#### TASK STATEMENT:
After locating the line that holds "認命的小眼呆臭皮只會眼巴巴盯著桌上的食物不放~", copy that line and all that follow it word for word through the end of the data, with no pictures.
——————————
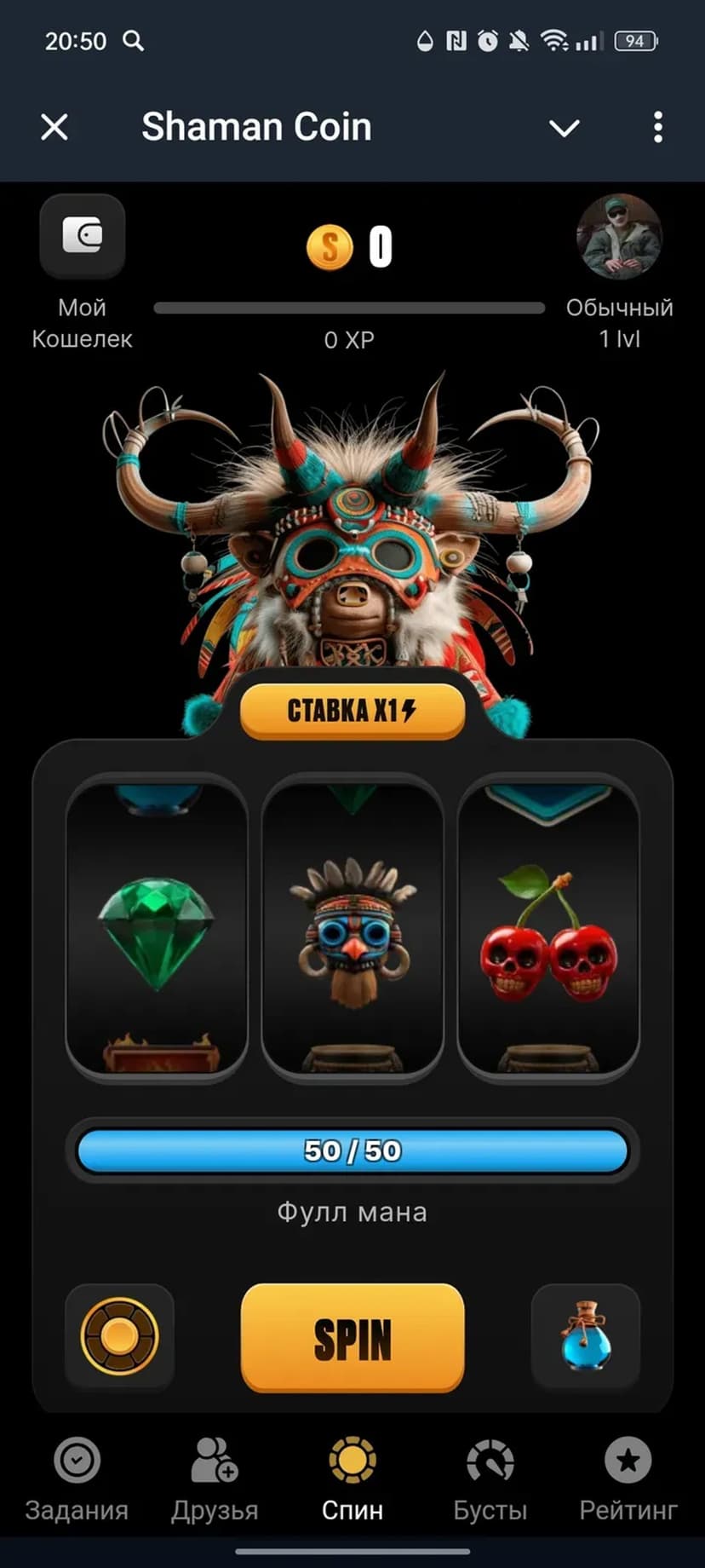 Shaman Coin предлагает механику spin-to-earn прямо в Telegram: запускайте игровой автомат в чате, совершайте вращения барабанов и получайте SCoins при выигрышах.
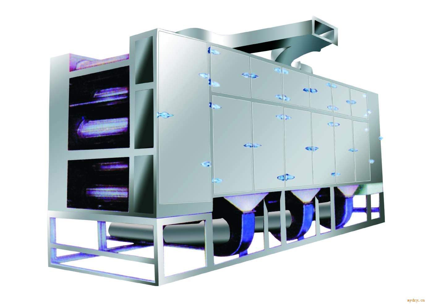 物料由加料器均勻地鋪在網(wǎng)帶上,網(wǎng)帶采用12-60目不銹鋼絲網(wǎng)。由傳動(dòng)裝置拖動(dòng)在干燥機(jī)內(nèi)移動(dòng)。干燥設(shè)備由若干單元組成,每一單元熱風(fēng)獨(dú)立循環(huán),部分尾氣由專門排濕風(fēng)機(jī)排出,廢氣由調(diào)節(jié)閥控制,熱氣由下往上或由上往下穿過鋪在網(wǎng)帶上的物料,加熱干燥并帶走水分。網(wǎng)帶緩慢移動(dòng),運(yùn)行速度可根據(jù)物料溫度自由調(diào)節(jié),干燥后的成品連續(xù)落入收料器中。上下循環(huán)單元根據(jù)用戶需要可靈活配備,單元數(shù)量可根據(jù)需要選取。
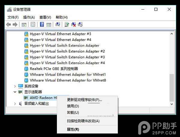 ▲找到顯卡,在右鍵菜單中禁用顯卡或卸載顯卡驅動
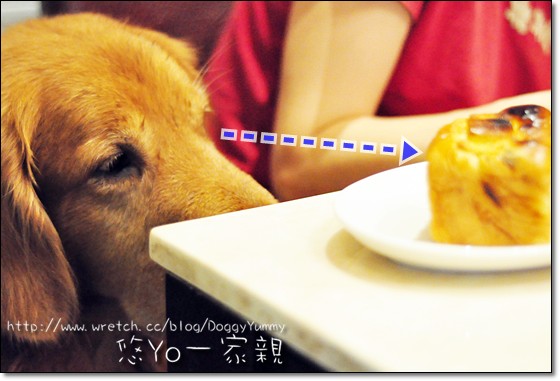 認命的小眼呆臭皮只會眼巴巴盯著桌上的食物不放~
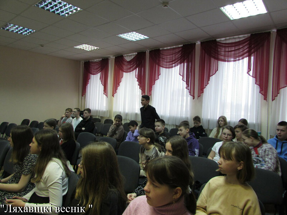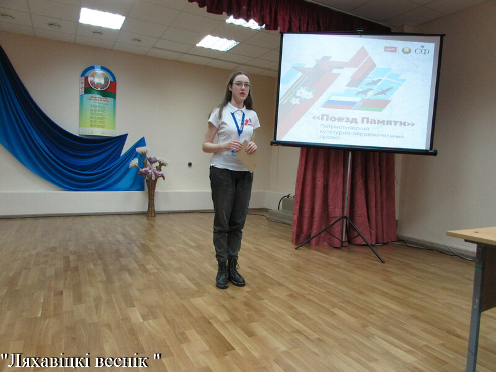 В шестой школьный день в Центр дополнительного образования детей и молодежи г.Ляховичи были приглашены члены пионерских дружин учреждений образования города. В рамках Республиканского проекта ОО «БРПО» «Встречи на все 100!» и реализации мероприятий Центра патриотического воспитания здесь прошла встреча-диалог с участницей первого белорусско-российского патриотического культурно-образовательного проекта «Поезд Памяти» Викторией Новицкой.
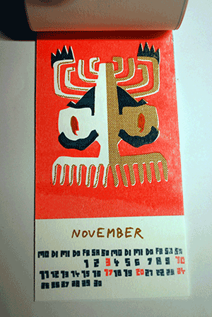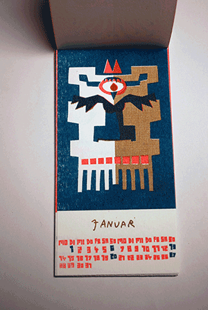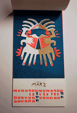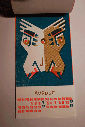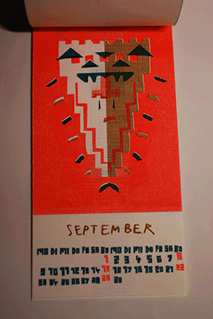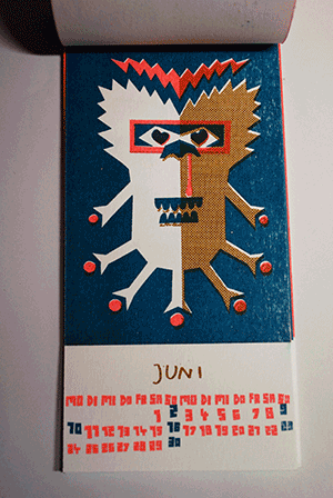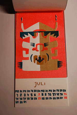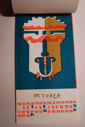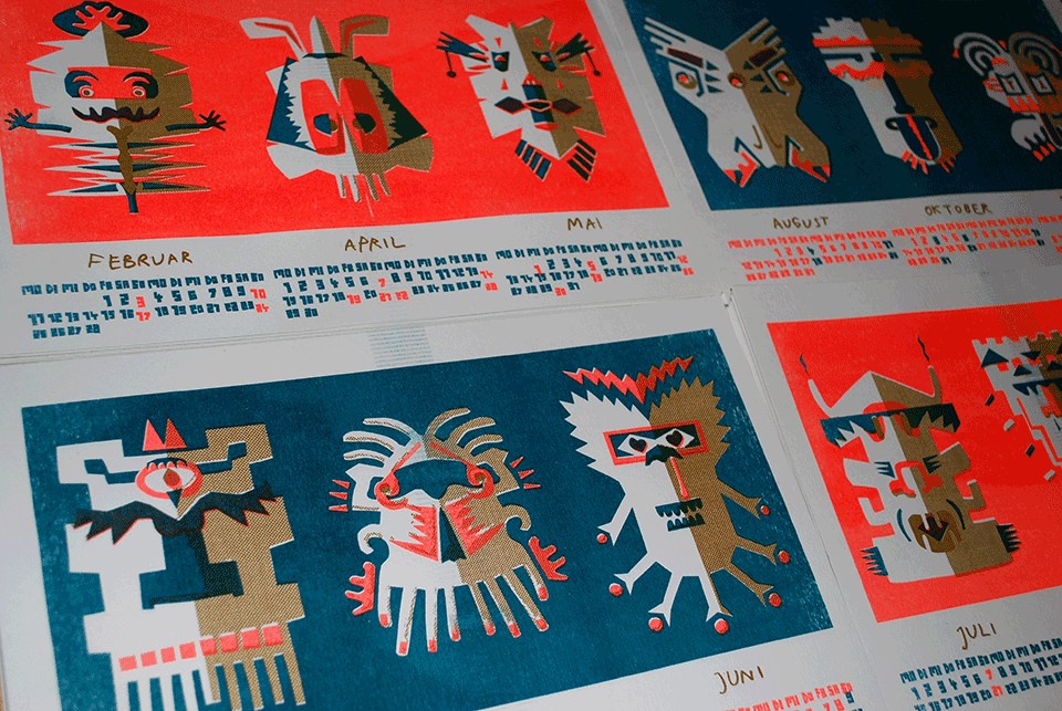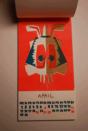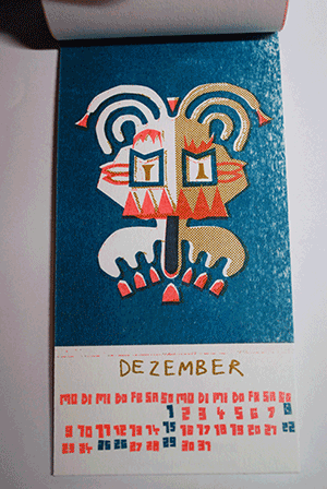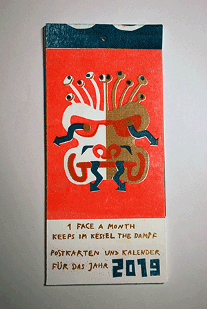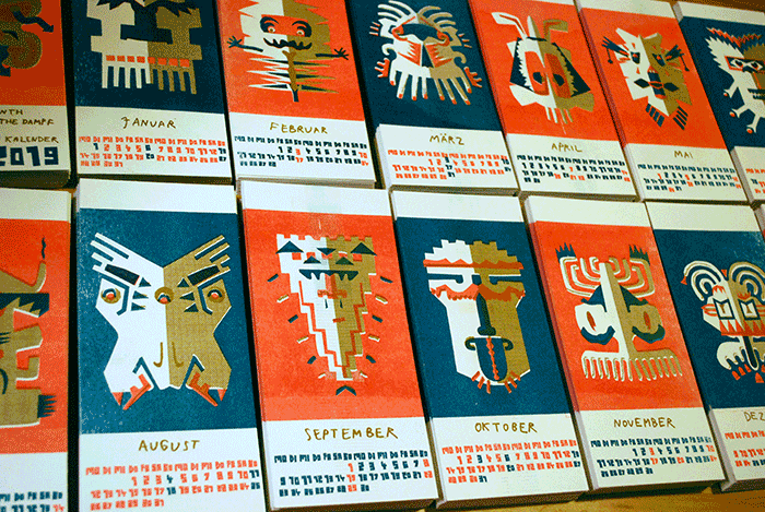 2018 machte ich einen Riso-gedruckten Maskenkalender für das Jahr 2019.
——————————
#### ANSWER TO THIS PROBLEM:
 認命的小眼呆臭皮只會眼巴巴盯著桌上的食物不放~
 В шестой школьный день в Центр дополнительного образования детей и молодежи г.Ляховичи были приглашены члены пионерских дружин учреждений образования города. В рамках Республиканского проекта ОО «БРПО» «Встречи на все 100!» и реализации мероприятий Центра патриотического воспитания здесь прошла встреча-диалог с участницей первого белорусско-российского патриотического культурно-образовательного проекта «Поезд Памяти» Викторией Новицкой.
 2018 machte ich einen Riso-gedruckten Maskenkalender für das Jahr 2019.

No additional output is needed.